> _Instructions to follow_
Each line of the data below goes into the copy exactly; pictures do not.

> _Given data_

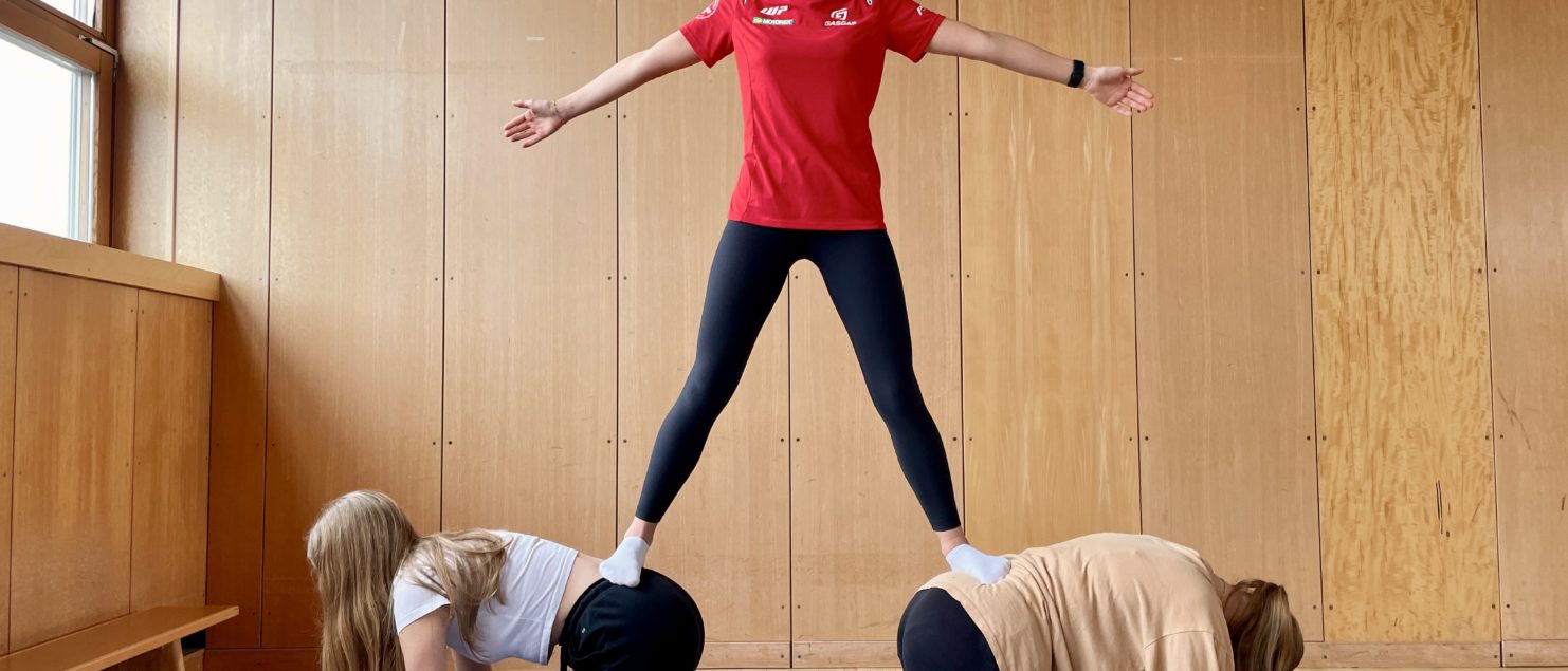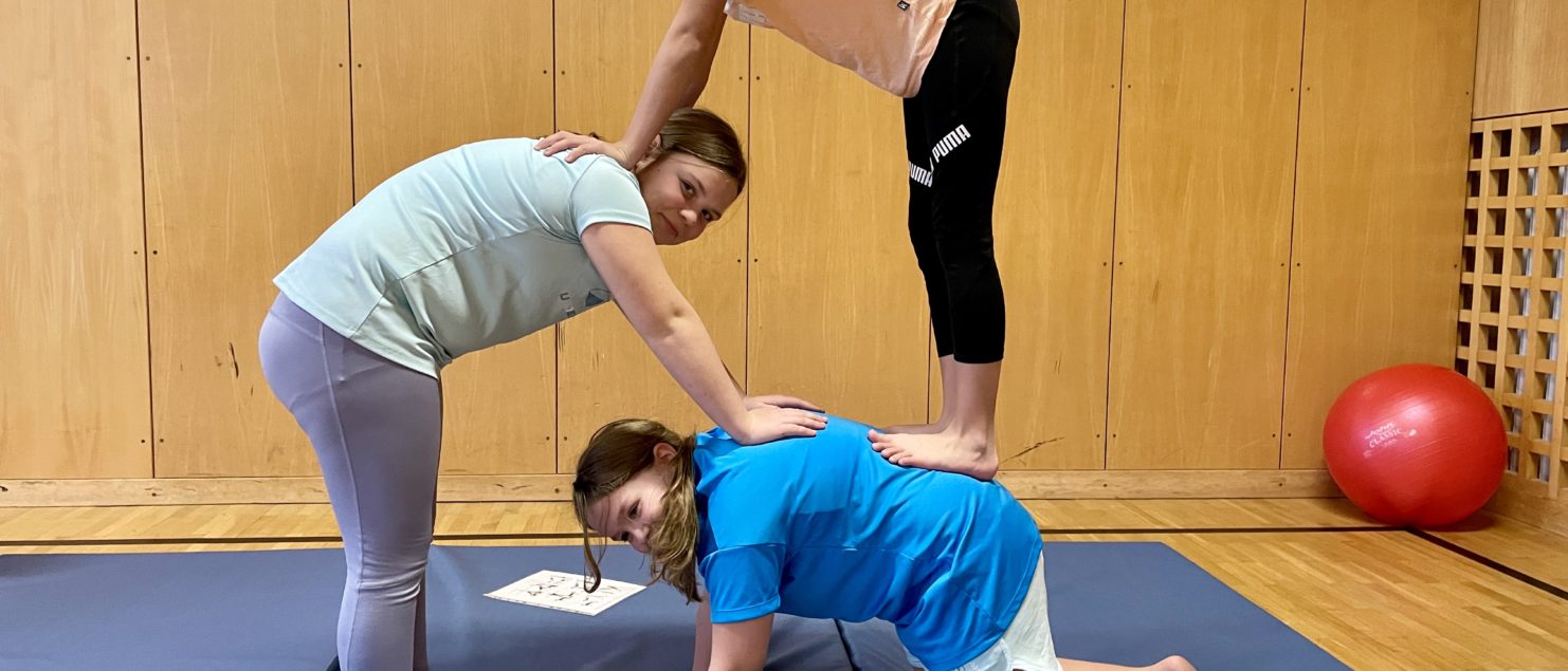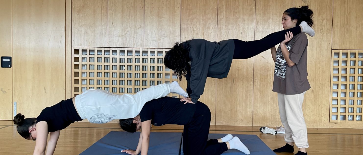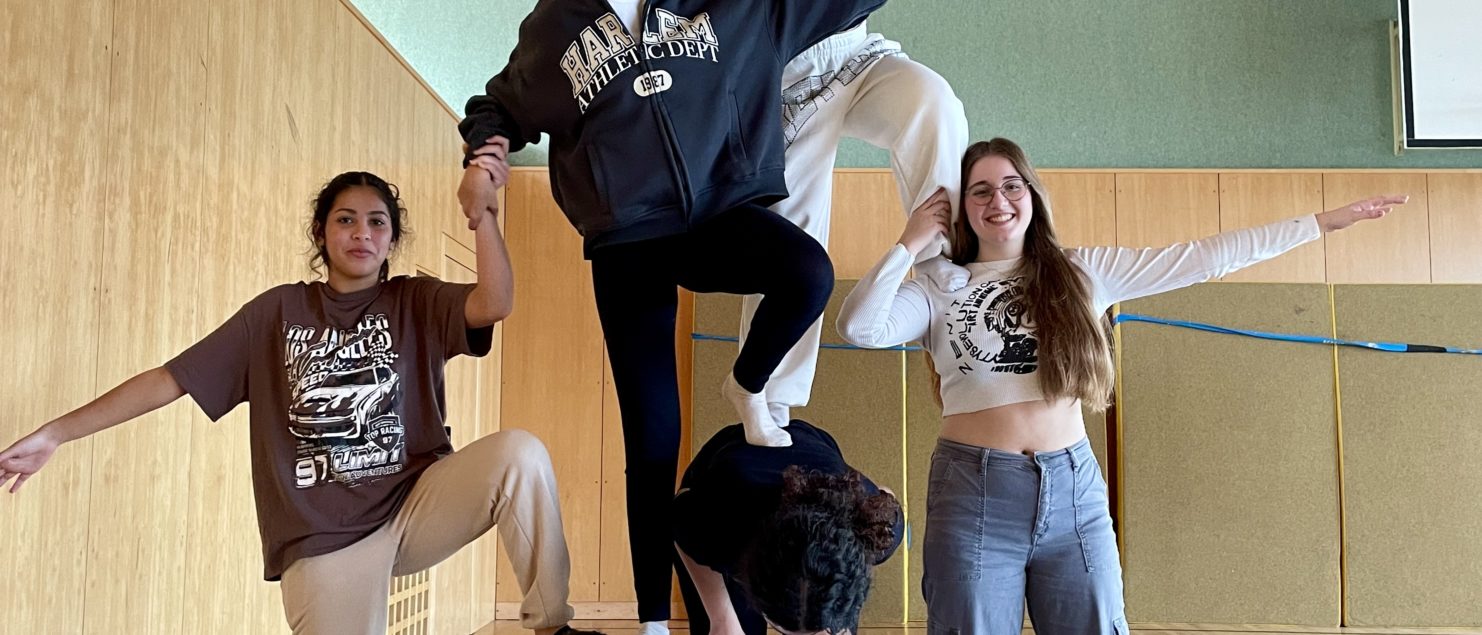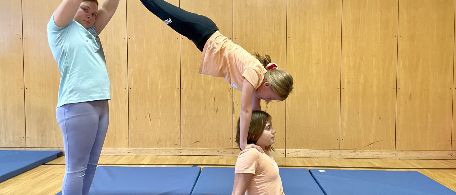 Die Schülerinnen der ersten und der fünften Klassen übten akrobatische Figuren ein, die sie mit Freude vorzeigen.
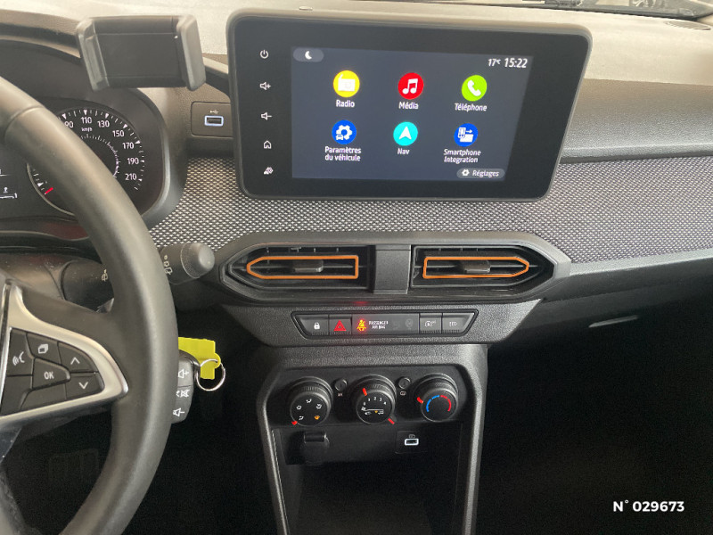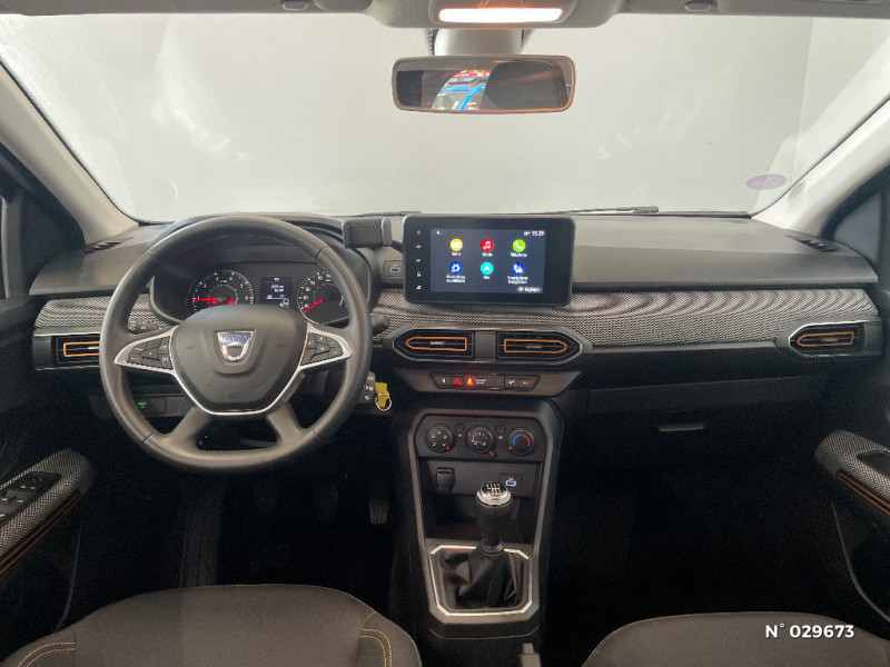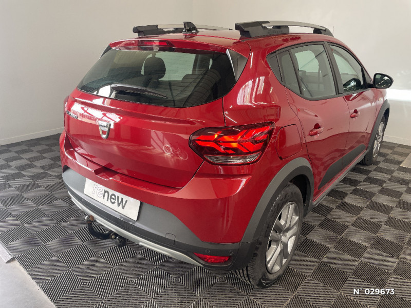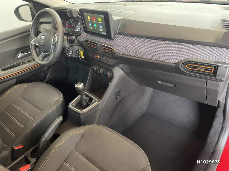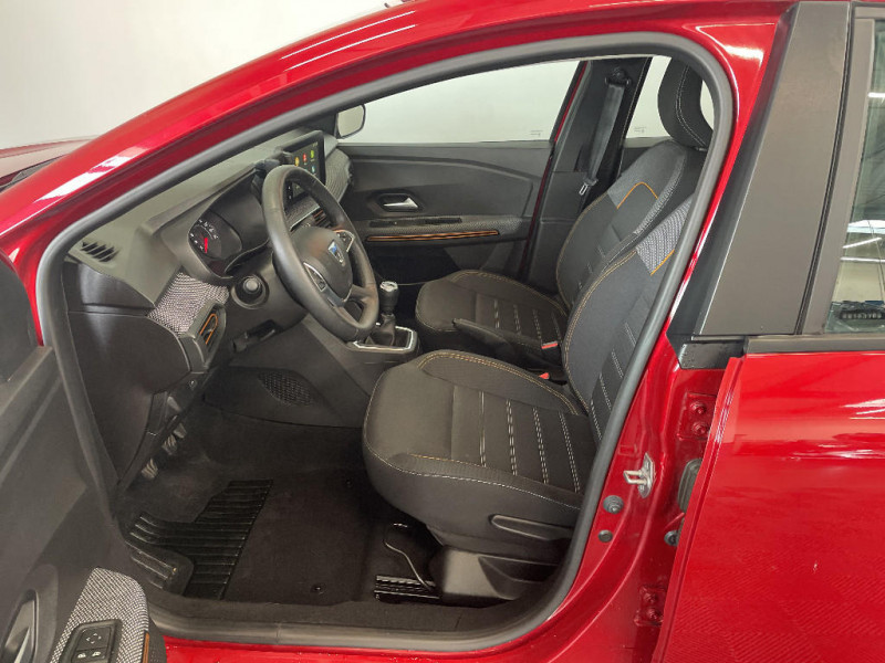 Fonction éco-mode / Kit de gonflage / Rétroviseurs extérieurs ton carrosserie / Peinture opaque / Clé 3 boutons / Console basse + rangement ouvert / Cluster TFT / Enjoliveur 16'' Saria - Stepway / Harmonie intérieur / Sellerie Stepway avec surpiqures / Volant Soft Feel TEP / Airbag latéral avant : thorax + rideau / Feux arrières avec signature lumineuse Y / Signature lumineuse DACIA en Y à LED / Rappel de bouclage de ceintures / Plancher de coffre plat / Media display (écran 8'', réplication smartphone, 4 haut-parleurs, 1 port USB) / Système de freinage d'urgence autonome à des vitesses interurbaines 7-170km/h / Alternateur renforcé / Classes énergetiques B
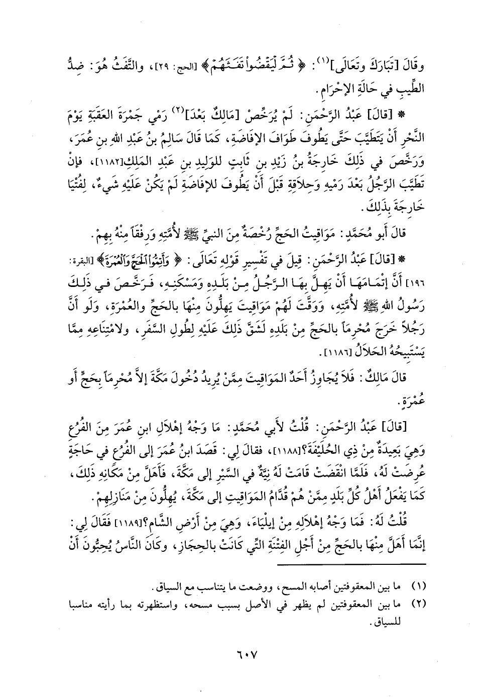 * [قالَ] عَبْدُ الرَّحْمَنِ: قِيلَ في تَفْسِيرِ قَوْلهِ تَعَالَى: {وَأَتِمُّوا الْحَجَّ وَالْعُمْرَةَ} [البقرة: 196] أَنَّ إتْمَامَهَا أَنْ يَهِلَّ بِهَا الرَّجُلُ مِنْ بَلَدِهِ وَمَسْكَنِهِ، فَرَخَّصَ في ذَلِكَ رَسُولُ الله - صلى الله عليه وسلم - لأُمَّتِهِ، وَوَقَّتَ لَهُمْ مَوَاقِيتَ يَهِلُّونَ مِنْهَا بالحَجِّ والعُمْرَةِ، وَلَو أَنَّ رَجُلًا خَرَجَ محرِمًا بالحجِّ مِنْ بَلَدِهِ لَشَقَّ ذَلِكَ عَلَيْهِ لِطُولِ السَّفَرِ، ولامْتِنَاعِهِ مِمَّا يَسْتَبِيحُهُ الحَلَالُ [1186].
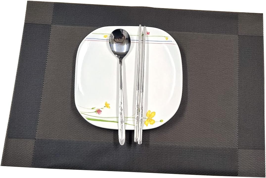 Toque asiático. Perfectos para tu mesa de cena o como declaración de moda, nuestros elegantes y asequibles palillos y cucharas son únicos. Desde los tiempos más antiguos, los coreanos siempre han usado una combinación de algo para cucharar y algo para recoger. Antes de que aparecieran los tenedores y cuchillos de metal, probablemente se usaba la concha de una almeja para la cuchara y dos trozos de madera para los palillos. Desde el descubrimiento de la fundición, se han utilizado níquel, bronce, oro, plata y otros metales para hacer cucharas y palillos. La mayoría de los coreanos usan la cuchara para comer arroz y los palillos para los platos secundarios, aunque algunos consideran apropiado usar la cuchara solo para sopa. Incluye: 1 x Cuchara 2 x Palillos planos, Embalaje en caja de papel

> _Result for this exercise_
 Die Schülerinnen der ersten und der fünften Klassen übten akrobatische Figuren ein, die sie mit Freude vorzeigen.
 Fonction éco-mode / Kit de gonflage / Rétroviseurs extérieurs ton carrosserie / Peinture opaque / Clé 3 boutons / Console basse + rangement ouvert / Cluster TFT / Enjoliveur 16'' Saria - Stepway / Harmonie intérieur / Sellerie Stepway avec surpiqures / Volant Soft Feel TEP / Airbag latéral avant : thorax + rideau / Feux arrières avec signature lumineuse Y / Signature lumineuse DACIA en Y à LED / Rappel de bouclage de ceintures / Plancher de coffre plat / Media display (écran 8'', réplication smartphone, 4 haut-parleurs, 1 port USB) / Système de freinage d'urgence autonome à des vitesses interurbaines 7-170km/h / Alternateur renforcé / Classes énergetiques B
 * [قالَ] عَبْدُ الرَّحْمَنِ: قِيلَ في تَفْسِيرِ قَوْلهِ تَعَالَى: {وَأَتِمُّوا الْحَجَّ وَالْعُمْرَةَ} [البقرة: 196] أَنَّ إتْمَامَهَا أَنْ يَهِلَّ بِهَا الرَّجُلُ مِنْ بَلَدِهِ وَمَسْكَنِهِ، فَرَخَّصَ في ذَلِكَ رَسُولُ الله - صلى الله عليه وسلم - لأُمَّتِهِ، وَوَقَّتَ لَهُمْ مَوَاقِيتَ يَهِلُّونَ مِنْهَا بالحَجِّ والعُمْرَةِ، وَلَو أَنَّ رَجُلًا خَرَجَ محرِمًا بالحجِّ مِنْ بَلَدِهِ لَشَقَّ ذَلِكَ عَلَيْهِ لِطُولِ السَّفَرِ، ولامْتِنَاعِهِ مِمَّا يَسْتَبِيحُهُ الحَلَالُ [1186].
 Toque asiático. Perfectos para tu mesa de cena o como declaración de moda, nuestros elegantes y asequibles palillos y cucharas son únicos. Desde los tiempos más antiguos, los coreanos siempre han usado una combinación de algo para cucharar y algo para recoger. Antes de que aparecieran los tenedores y cuchillos de metal, probablemente se usaba la concha de una almeja para la cuchara y dos trozos de madera para los palillos. Desde el descubrimiento de la fundición, se han utilizado níquel, bronce, oro, plata y otros metales para hacer cucharas y palillos. La mayoría de los coreanos usan la cuchara para comer arroz y los palillos para los platos secundarios, aunque algunos consideran apropiado usar la cuchara solo para sopa. Incluye: 1 x Cuchara 2 x Palillos planos, Embalaje en caja de papel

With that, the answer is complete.